The printer is named RooBee One because of its deep red color. It is largely inspired by the Cristelia SLA 3D printer and Vulcanus MAX, Negrier’s own creation. The machine features an adjustable print bed, Arduino Mega, ACER DLP projector and is totally open source. The printer has unique features, like the Z axis is similar to that of the open-source Cristelia, with the addition of a few tweaks for better performance. The linear guide system for the Z axis is composed of two linear LMK12UU bearings and two 12mm rods, which are enclosed inside 3D printed casings. The transmission system comprises of a NEMA 17 stepper motor and an 8mm lead screw and nut.

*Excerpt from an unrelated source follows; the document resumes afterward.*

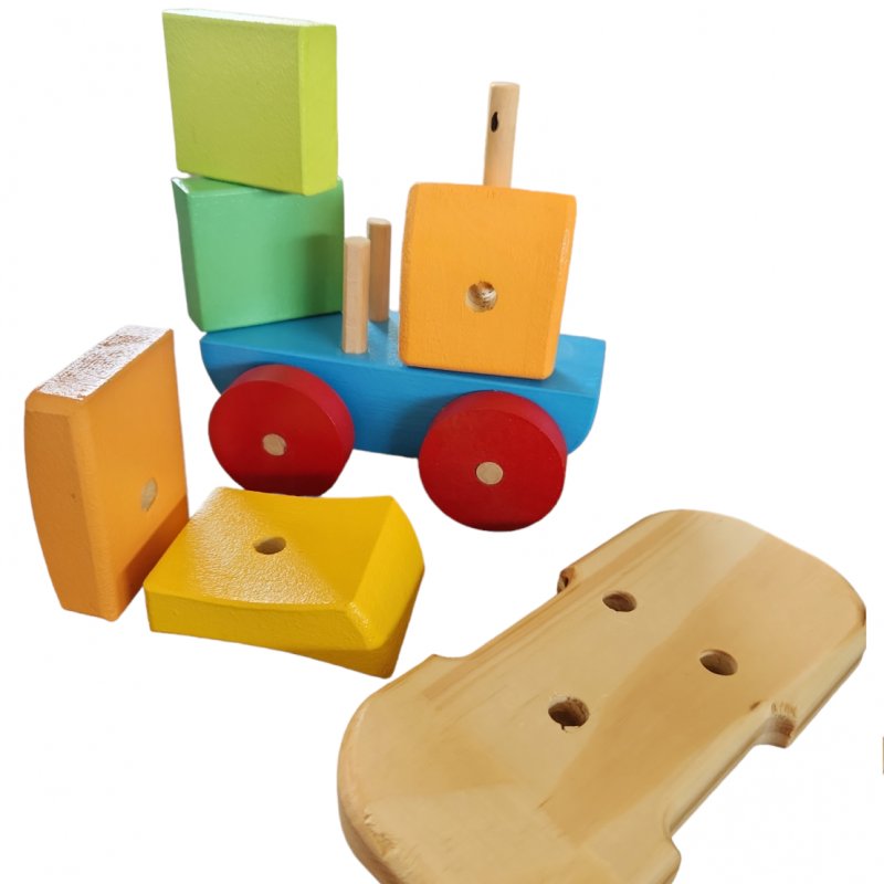 Rodado didactico de bloques desarmable, juego de ensarte, rompecabezas y arrastre.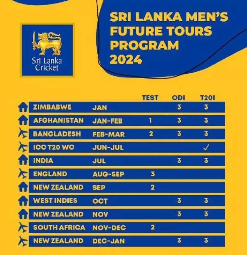 एसएलसी ने एक आधिकारिक बयान में कहा, "श्रीलंका की राष्ट्रीय टीम अपने 2024 अंतरराष्ट्रीय क्रिकेट कैलेंडर की शुरुआत जनवरी में जिम्बाब्वे के खिलाफ एक घरेलू श्रृंखला के साथ करेगी, जिसमें तीन एकदिवसीय और तीन टी20ई श्रृंखलाएं शामिल होंगी। इसके बाद जनवरी-फरवरी की अवधि के दौरान अफगानिस्तान के खिलाफ एक श्रृंखला होगी, जिसमें एक टेस्ट मैच, तीन वनडे और तीन टी20ई, मैच शामिल हैं।"

The Z axis arm of the RooBee One is entirely new since the arm of the Cristelia did not fit inside the new printer’s housing. The new arm consists of a 3D printed casing, two LMK12UU bearings. The 3D printed section of the arm is a huge single piece and requires a huge build volume printer.
The resin vat for the RooBee One is made using five plexiglass panels, four red, one crystal, as well as acrylic glue. Negrier also used FEP (fluorinated ethylene propylene) film, a non-stick insulating material, resistant to chemicals and solvents to make the vat tight and secure.
The print bed of the RooBee One is made from 5mm aluminum sheet, which should be sanded to improve layer adhesion. The RooBee One’s electronics are an Arduino MEGA, a RAMPS 1.4 shield, an end stop, a micro-stepping driver, a NEMA 17 stepper motor and a 12V transformer. Negrier has used Repetier firmware, and he uses Creation Workshop to slice models before 3D printing on the machine. Printing can be paused and resumed, and users are also given a rough estimate of the entire printing process.